En France depuis 2017, la lutte contre les violences faites aux femmes a été érigée en « grande cause nationale ». Pourtant, derrière les chiffres officiels et les campagnes de communication, une réalité persistante demeure : celle de violences et de féminicides qui ne diminuent pas et un « mur » institutionnel persistant.
En effet, pour de nombreuses femmes, briser le silence ne marque pas la fin du calvaire, mais le début d’une confrontation épuisante avec une machine administrative et judiciaire souvent sourde et parfois même hostile. Lorsqu’une victime franchit le seuil d’un commissariat ou d’un tribunal, elle n’attend pas seulement une sanction, mais une reconnaissance de son statut, une protection réelle et une assistance durable pour lui permettre de se reconstruire. Mais il semblerait que ce soit sur ces derniers points que le système vacille et les plonge dans un mécanisme dissuasif. Si les
concernées parlent, elles prennent de nouveaux risques : celui de devenir la personne à blâmer, de perdre la garde de leurs enfants ou de tomber dans la précarité, la marginalisation et in fine dans une nouvelle forme de détresse, celle qui découle de la violence institutionnelle.

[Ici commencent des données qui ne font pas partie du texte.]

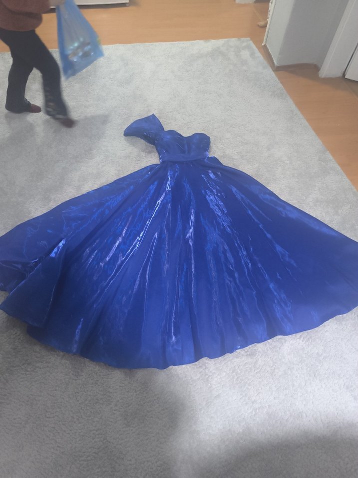 Mavi, askılı ve drapeli uzun abiye elbise. Parlak kumaşı ve bol kesimiyle çağdaş ve göz alıcı bir tarz sunar.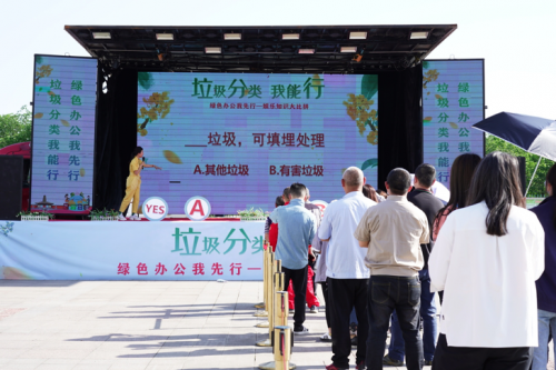 2021年4月29日,成都新都区举行“垃圾分类我能行 绿色办公我先行”趣味知识竞答活动。本次活动由成都市新都区生活垃圾分类工作推进领导小组办公室主办,新都区综合行政执法局,新都区城市精细管理运维中心,新都现代交通产业功能区管理委员会协办,南山控股新都科技园承办。活动通过路演、宣讲以及现场游戏互动,发动企业及职工积极参与垃圾分类,共同推进新都垃圾分类工作。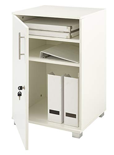 MMT Furniture Designs Ltd Mobiletto per ufficio in legno bianco alto 68 cm, comodino con anta con serratura - uso universale
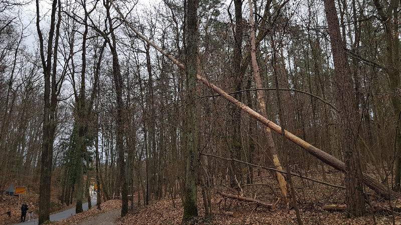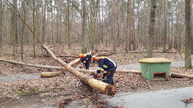 Zwei Bäume, die nach den Stürmen der letzten Tage zu stürzen drohten, wurden im Rahmen der Gefahrenabwehr mit Hilfe der Fahrzeugwinde des HLF der Feuerwehr Stein niedergelegt und endgültig zu Boden gebracht.

L’institution a choisi son camp : celui de la protection du « frère d’armes » plutôt que celle de la femme violentée. Début 2022, Marion franchit les portes d’une gendarmerie en Gironde. La veille, elle a cru mourir :
« Il m’a cogné au visage, m’a traînée au sol, l’une de ses mains plaquée très fort contre ma bouche pour m’empêcher de hurler. » Le certificat médical est sans appel : contusions, ecchymoses cervicales et un syndrome de stress aigu. Pourtant, l’accueil qui lui est réservé ne ressemble en rien à une prise en charge de victime.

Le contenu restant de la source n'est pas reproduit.